• **WHAT THE TASK ASKS**
With the exception of the pictures, transcribe the entire listing exactly.

• **DATASET SECTION**
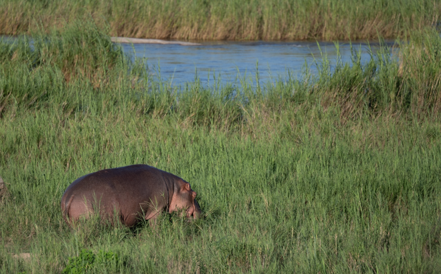 We took our time on the drive, which is partially along the Sabie River, and were rewarded with a rare sighting of a hungry Hippo out of the water during the day.
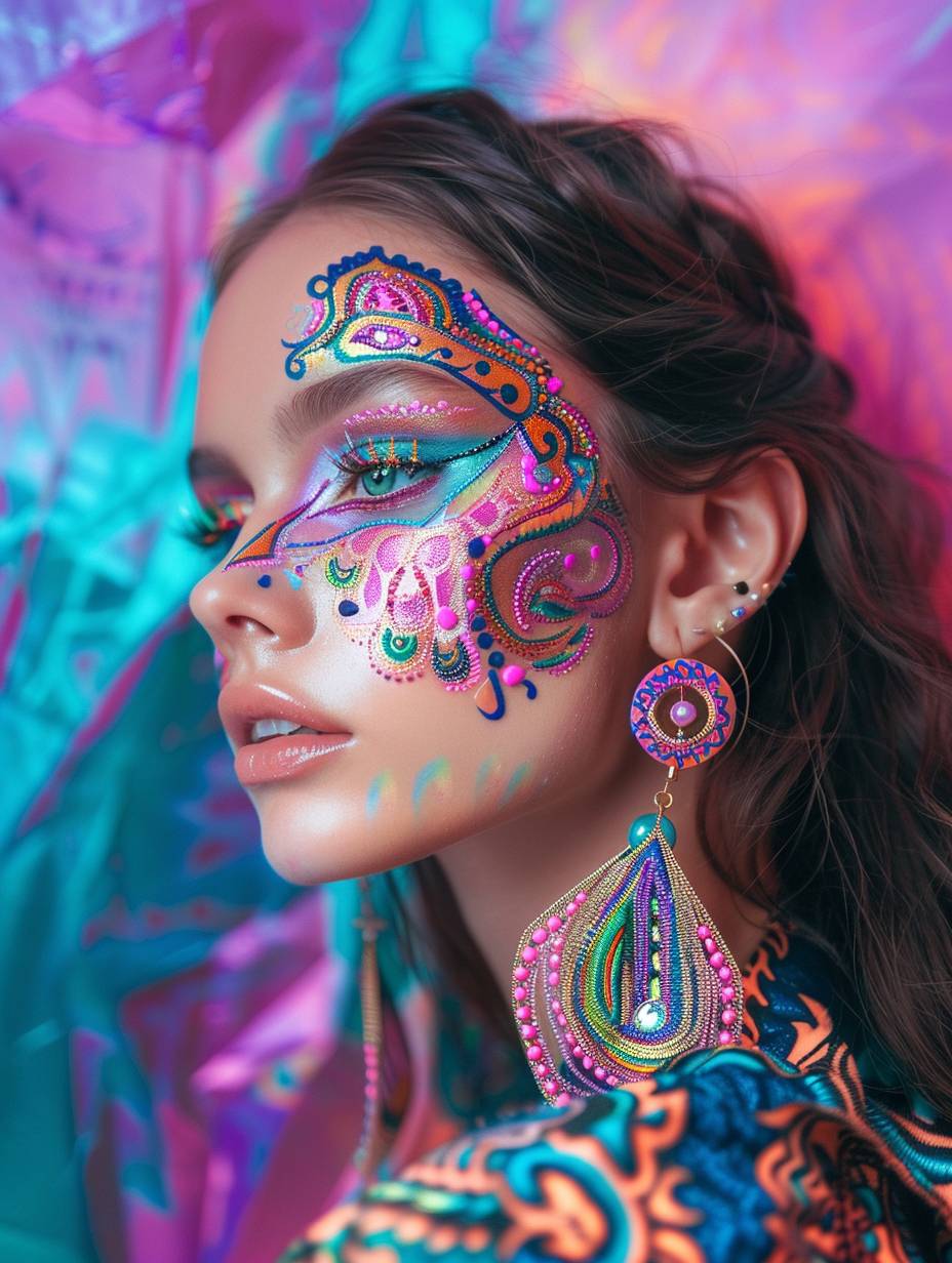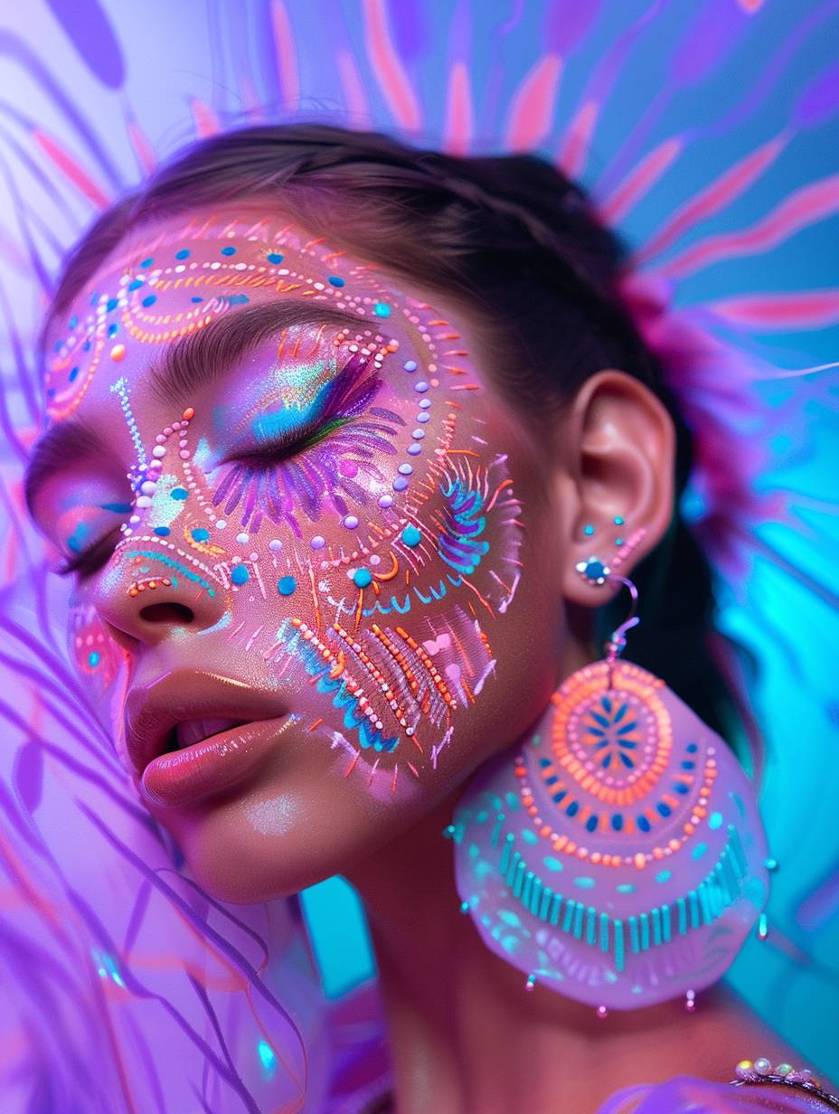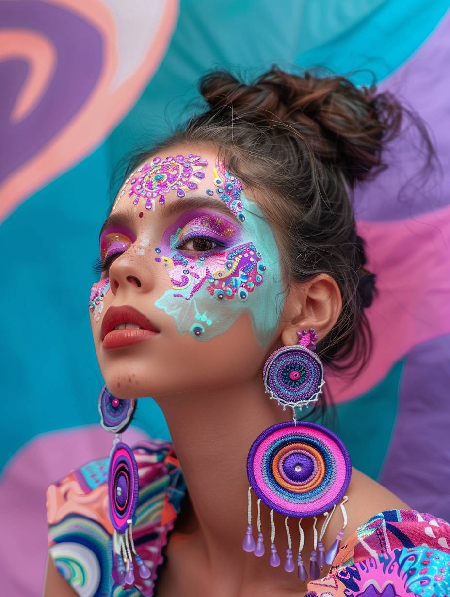 A beautiful girl with an intricate and colorful pattern on her face wears large earrings. Her style is reminiscent of Australian Aboriginal art. The background is abstract, with shades of purple, pink, and turquoise, creating a surreal atmosphere. Her makeup features pastel eyeshadow.
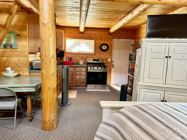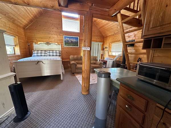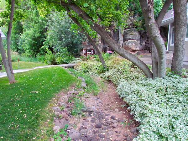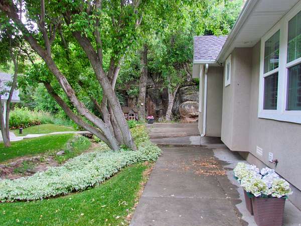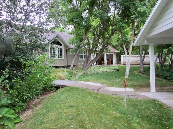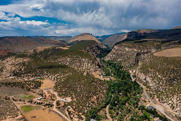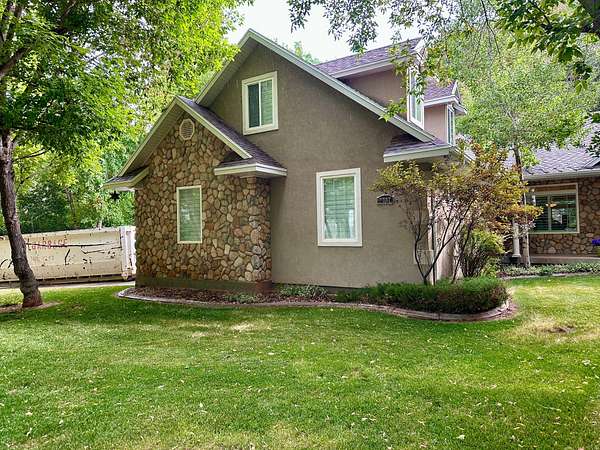 Gorgeous home up Dry Fork Canyon. 4 bdrm, 2 bath. Has an office with built in work space that could also be used as a bedroom. Open kitchen. Granite countertops. Tile & carpet throughout the home. The kitchen has in floor electric radiant heating. Surrounded by trees, and a stream runs through the property. Three 1,000 gallon propane tanks. Also, a propane generator hooked up in case of power outage. Beautiful landscaping with auto sprinkling system. 2 car attached garage, along with a 2 car detached garage, a 1 car detached garage, and a 30'x40' 2 space RV garage with an 8' wide cold storage room and work space in the rear of it. Doors are 12' wide & 13.5' tall. Power runs to all of the garages. There is also a 1 bedroom 1 bath cabin on the property. It has a private balcony. Peace & beauty abound on this beautiful place!

• **RESULT**
 We took our time on the drive, which is partially along the Sabie River, and were rewarded with a rare sighting of a hungry Hippo out of the water during the day.
 A beautiful girl with an intricate and colorful pattern on her face wears large earrings. Her style is reminiscent of Australian Aboriginal art. The background is abstract, with shades of purple, pink, and turquoise, creating a surreal atmosphere. Her makeup features pastel eyeshadow.
 Gorgeous home up Dry Fork Canyon. 4 bdrm, 2 bath. Has an office with built in work space that could also be used as a bedroom. Open kitchen. Granite countertops. Tile & carpet throughout the home. The kitchen has in floor electric radiant heating. Surrounded by trees, and a stream runs through the property. Three 1,000 gallon propane tanks. Also, a propane generator hooked up in case of power outage. Beautiful landscaping with auto sprinkling system. 2 car attached garage, along with a 2 car detached garage, a 1 car detached garage, and a 30'x40' 2 space RV garage with an 8' wide cold storage room and work space in the rear of it. Doors are 12' wide & 13.5' tall. Power runs to all of the garages. There is also a 1 bedroom 1 bath cabin on the property. It has a private balcony. Peace & beauty abound on this beautiful place!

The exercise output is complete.